If you have come here to help me, you are wasting your time. But if you have come because your liberation is bound up with mine, then let us work together. 

Following a logic of co-liberation leads to different metrics of success. The success of a single project would not only rest on whether the database was organized according to spec or whether the algorithm was able to classify things properly, but also on how much trust was built between institutions and communities, how effectively those with power and resources shared their power and resources, how much learning happened in both directions, how much the people and organizations were transformed in the process, and how much inspiration for future work, together, was co-conspired.

Likewise, data projects undertaken by technical folk with an ethics of care would openly acknowledge and account for power differentials by explicitly prioritizing whose voices matter most in the process as input. We saw this in the Detroit Equitable Open Data Report – the authors prioritized the needs of communities that are targeted for surveillance – those who stand to experience the least benefits and the most harm from open data. By prioritizing the needs of those at the margins, we create a system that works for everyone. In some situations, this means working your absolute hardest to establish authentic relationships that did not previously exist. For example, for the past five years, Catherine has been co-leading a feminist hackathon project called Make the Breast Pump Not Suck. The first version of the hackathon took place in 2014 and focused primarily on the product design and experience of using a breast pump.


A breast pump is a device used to extract milk when a breastfeeding mom is separated from her baby or cannot/does not want to nurse them at the breast. Despite the fact that the medical establishment sees breastfeeding as a public health issue, it is socially stigmatized and has faced neglect as a space of innovation. Lack of paid family leave policy in the US means that nursing mothers (and trans dads) often end up back at work secretly pumping in closets, bathrooms, and cars, if they are able to pump at all.

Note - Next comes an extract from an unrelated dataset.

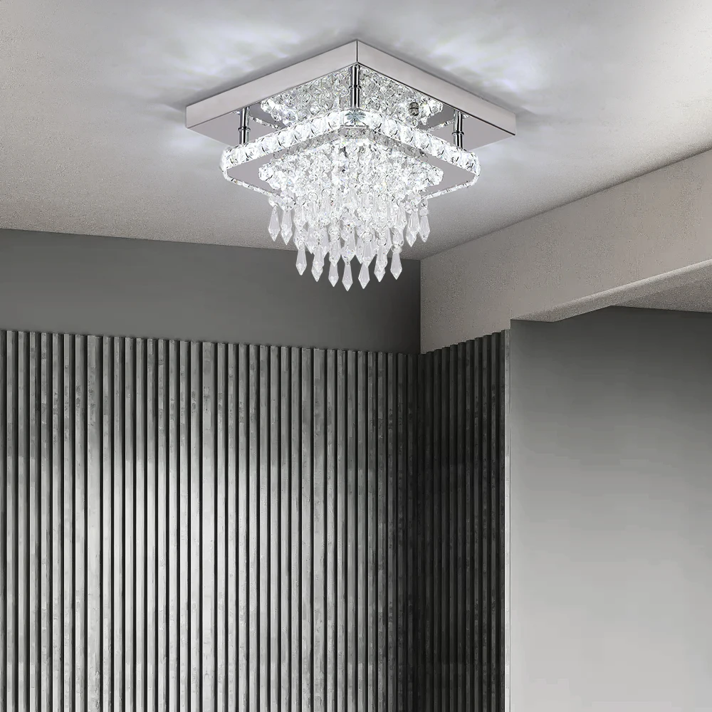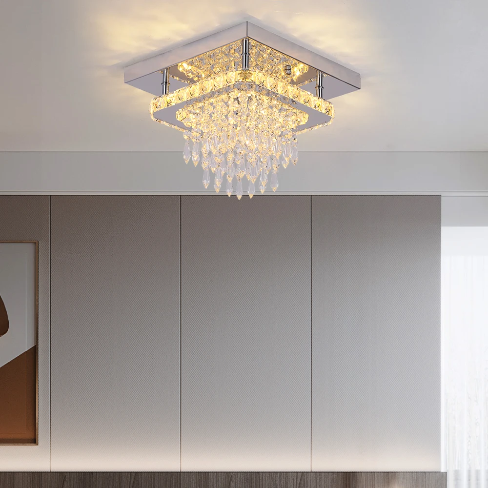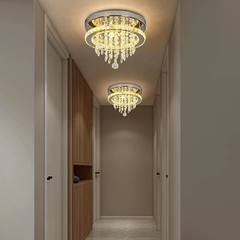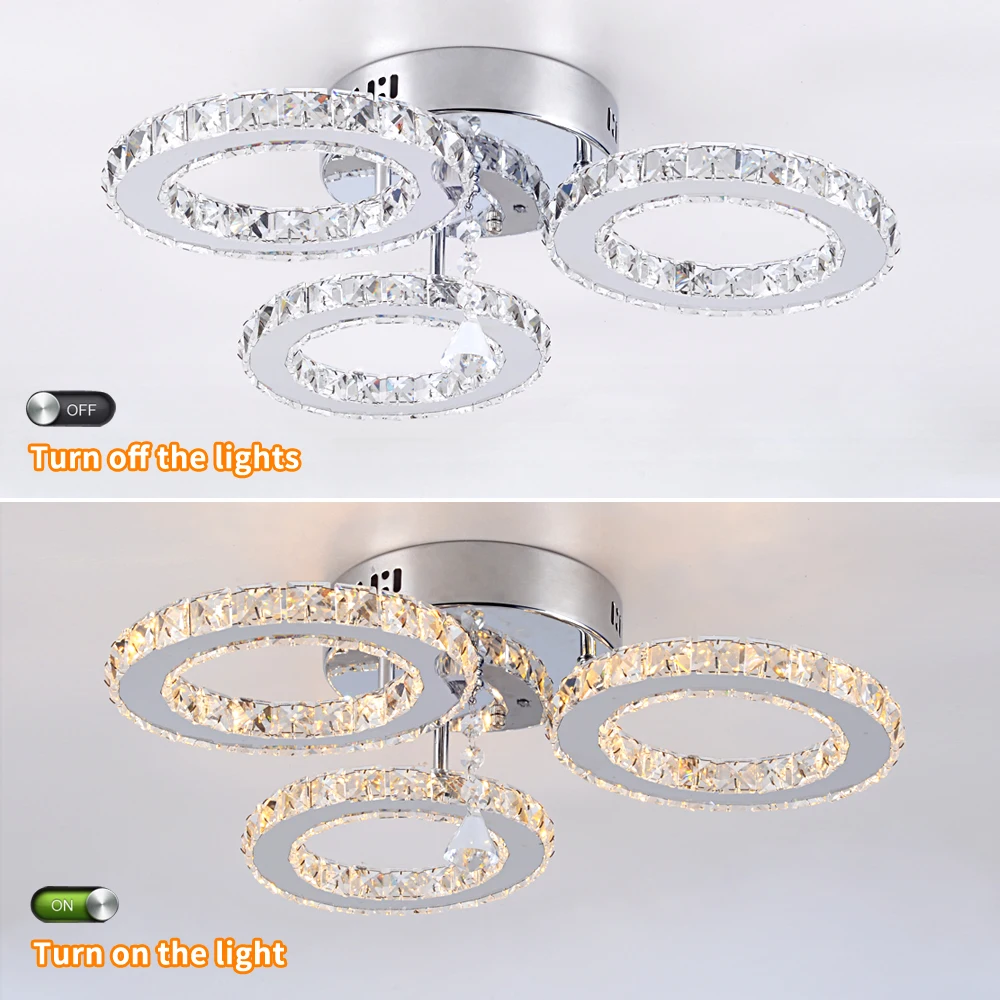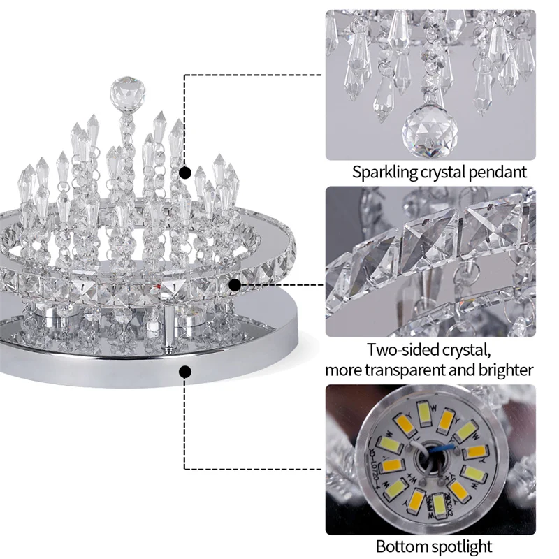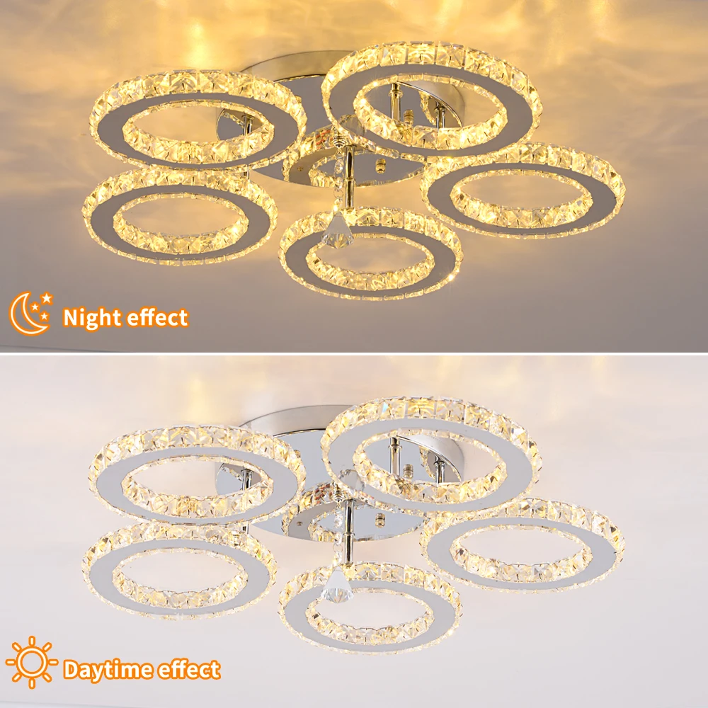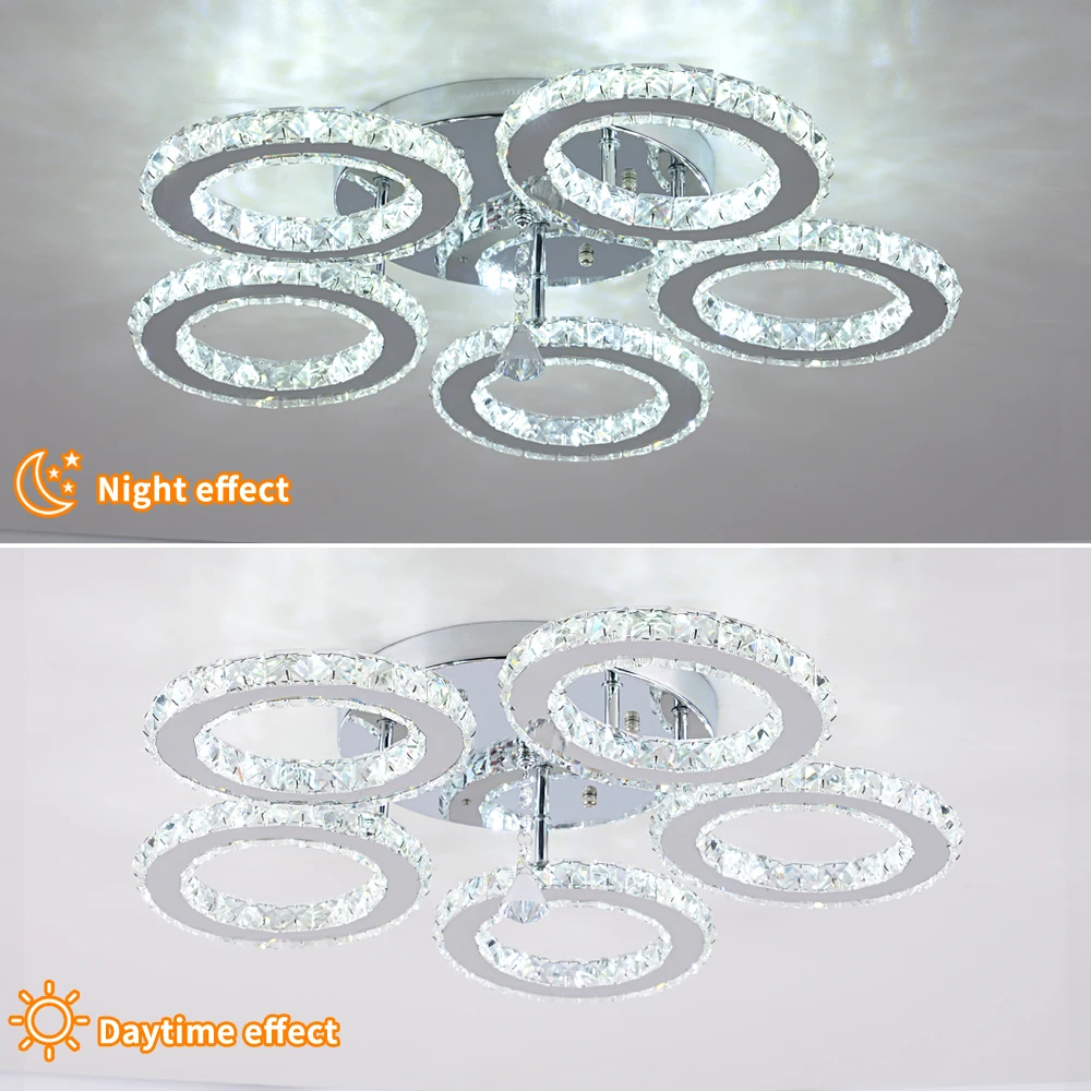 LED Lustre Chrome Crystal Ceiling Chandelier Creative Circular Restaurant Dining Room Bedroom Pendant Light Modern Home Decor
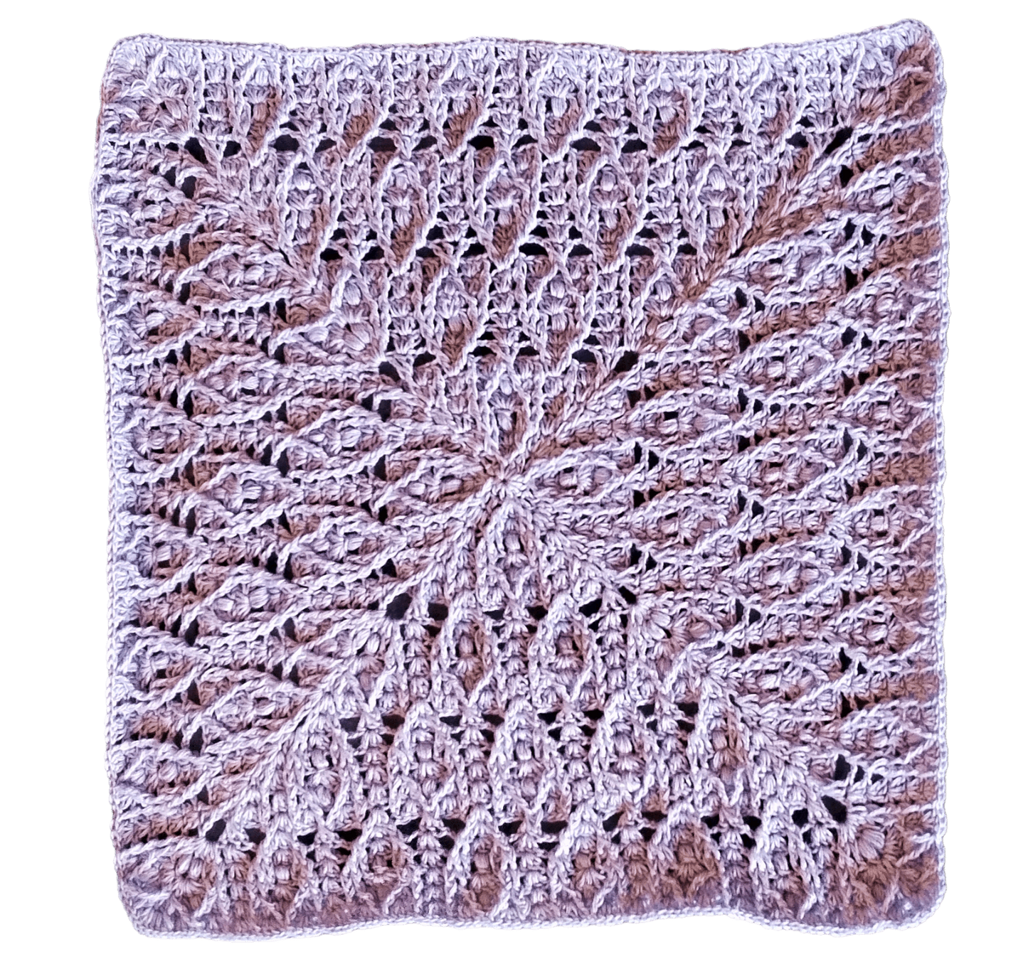 Square from photos is made with 4 repetitions, used around 450m 3ply cotton/acrylic threads, crochet hook 2,5mm. It's 44cm side.

But after a couple years, it was clear that the innovations emerging in the breast pump space were primarily for white knowledge workers – the smart pumps were coming in at $400, $500 and $1000, not covered by insurance and thus only accessible to those with disposable income. So, in organizing the second Make the Breast Pump Not Suck Hackathon in 2018, our leadership team decided to center the voices of mothers of color, low wage workers, and queer parents because those are the groups that face the most barriers to breastfeeding in the US context. We invited members of those groups as hackers – and we also put into place an Advisory Board composed primarily of high-profile advocates of color that work directly with community organizations. This Board caught multiple oversights of the majority white leadership team, and shifted the project in significant ways. Everyone was paid for their time. In On Rational, Scientific, Objective Viewpoints from Mythical, Impossibly, Imaginary Standpoints, we discussed "design from the margins" as an underlying principle of feminist human computer interaction. This additional layer might be characterized as "governance from the margins." It functioned as an accountability mechanism to simultaneously check the leadership team's privilege and prevent us from doing harm, and also to deepen emerging relationships across race, social capital and technical knowledge.

But for this to work, those that are doing co-liberation with data have to trust that the people who experience the most harms from a social issue have the best ideas for reimagining it. As Kimberly Seals Allers, one of our Advisory Board members said at her keynote, "whatever the question, the answer is in the community." And while the emphasis of data projects is often to develop a time-bounded thing – a database, an algorithm, a model, a visualization  – it's important to remember that the longer-term goal is to build meaningful, authentic, on-going relationships across differences in power and privilege in order to transform yourself and your institution and the world.